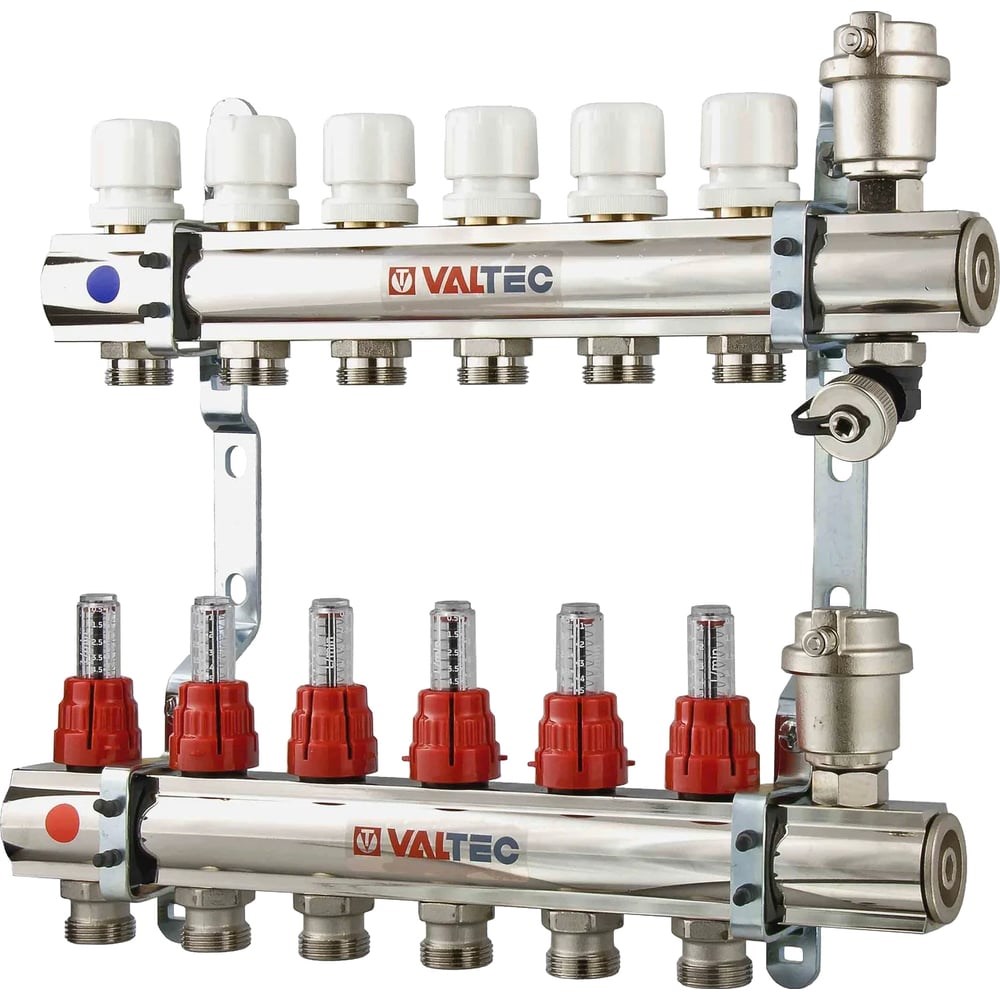 Коллекторная группа Valtec 1x7 выходов евроконус 3/4" со встроенными расходомерами в сборе VTc.596.EMNX.0607
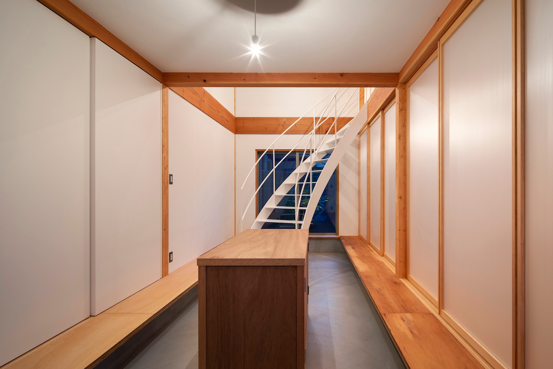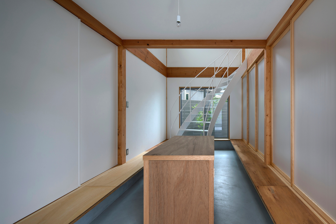 地域への家開きの観点において、閉じたい密集地の中、昔ながらの地域コミュニティを拒絶しない在り方を探り、心理的効果も含め周囲に対して適度に隙間や距離感を持つ住まいを目指した。
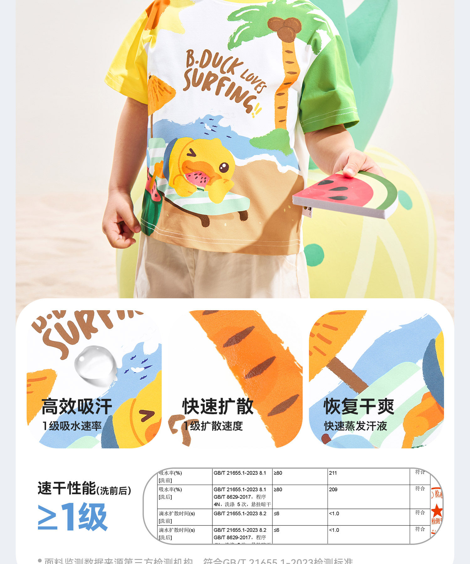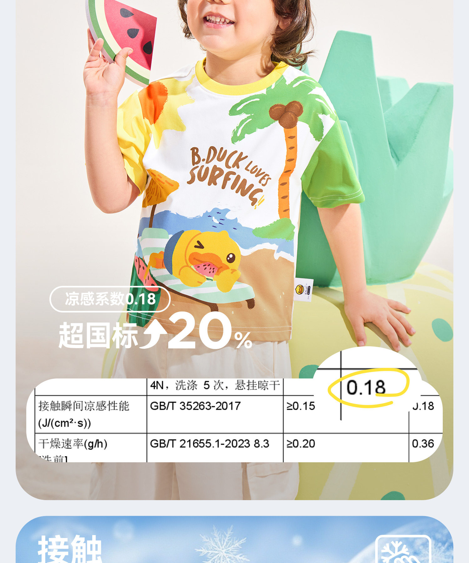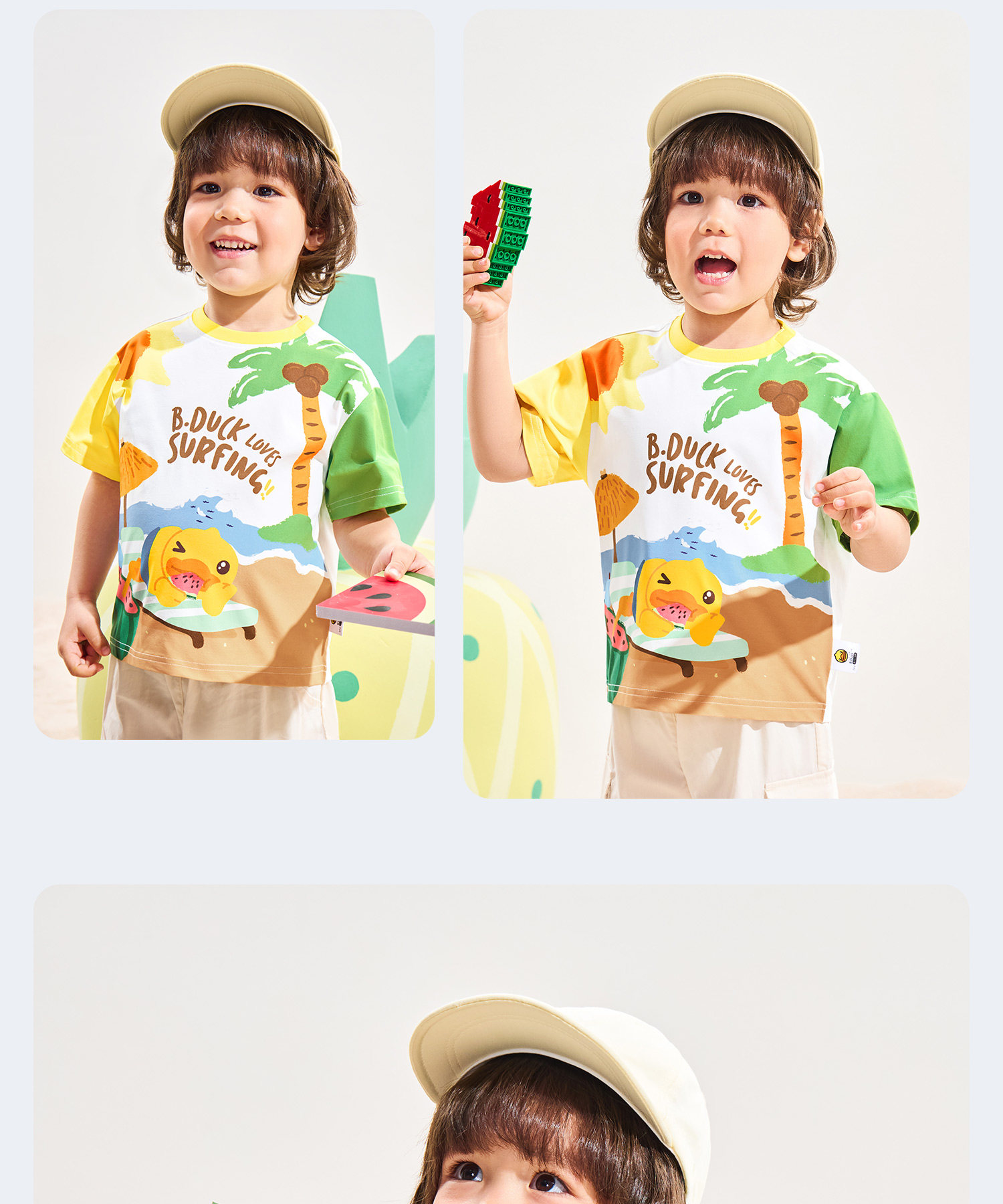 [冰感速干]bduck小黄鸭童装儿童t恤短袖男童半袖上衣宝宝夏装卡通90-150 BF2701019
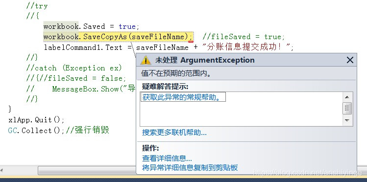 各位老师:我想在dataGridView导出的excel文件名上加一个日期的LocalTime,但是现在“saveFileName”提示值不在预期范围内,麻烦请问各位老师,我应该如何修改,感激不尽!

★ ★ ★ ★ ★

Please copy the data above exactly, omitting the pictures.

 Коллекторная группа Valtec 1x7 выходов евроконус 3/4" со встроенными расходомерами в сборе VTc.596.EMNX.0607
 地域への家開きの観点において、閉じたい密集地の中、昔ながらの地域コミュニティを拒絶しない在り方を探り、心理的効果も含め周囲に対して適度に隙間や距離感を持つ住まいを目指した。
 [冰感速干]bduck小黄鸭童装儿童t恤短袖男童半袖上衣宝宝夏装卡通90-150 BF2701019
 各位老师:我想在dataGridView导出的excel文件名上加一个日期的LocalTime,但是现在“saveFileName”提示值不在预期范围内,麻烦请问各位老师,我应该如何修改,感激不尽!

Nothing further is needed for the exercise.